Rej shrugged from the top of their three arms downwards to the spread tips of their twelve fingers.  “You came to me because of that.  I’ve run living teeth from Qarbec and taken things from the Terramac with no name before anyone could know they existed, let alone gone missing.  I’ve been searched by two separate coast guard vessels while there was an adult gyrwolf lying low in my boat, and they didn’t find it.  I can hide an entire deck of cards up my sleeve while topless.  You know all of this and you know that I can handle weird, and I can do it well.”
The customer was still hesitant.  Her shoulders were hunched, her breath was unsteady behind that stupid-looking mask she wore – a cheap carnival toy, grabbed in a hurry.  All instinct and nerves, no forethought. 
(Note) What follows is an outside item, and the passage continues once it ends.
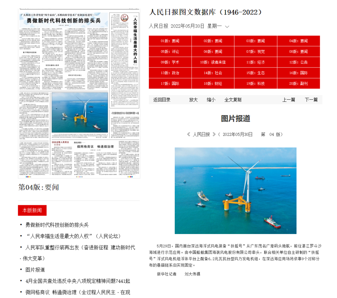 5月29日,中國船舶集團(tuán)旗下中國海裝牽頭研制的國內(nèi)首臺深遠(yuǎn)海浮式風(fēng)電裝備——“扶搖號”從廣東茂名碼頭起航,前往平均水深65米的廣東湛江附近海域投入示范應(yīng)用。

“You’ll need these,” she said, and dumped a little handful on the table like it was red-hot. 

“Earplugs?”
“High-grade.  Everyone wears them, nobody takes them off until the cargo is gone.  It’s absolutely vital, you understand?

“Yep.”
“Do you UNDERSTAND?”
Rej made contact with all five eyes for the first time, both daytime and the night-triplet.  “Yes.  You’ve hired me for my expertise, but you don’t seem to appreciate it: I have moved things you can’t even imagine.  If you say nobody on the crew takes off earplugs until the cargo’s off the boat, nobody takes off earplugs until the cargo’s off the boat.  Done.  We take our business seriously and we do it well and we get paid.  Asking you why the precautions are necessary is not part of that.  So don’t go taking out your nerves on me, got it, doctor?”
“I’m not –”

“Don’t lie.  You’re bad at it.”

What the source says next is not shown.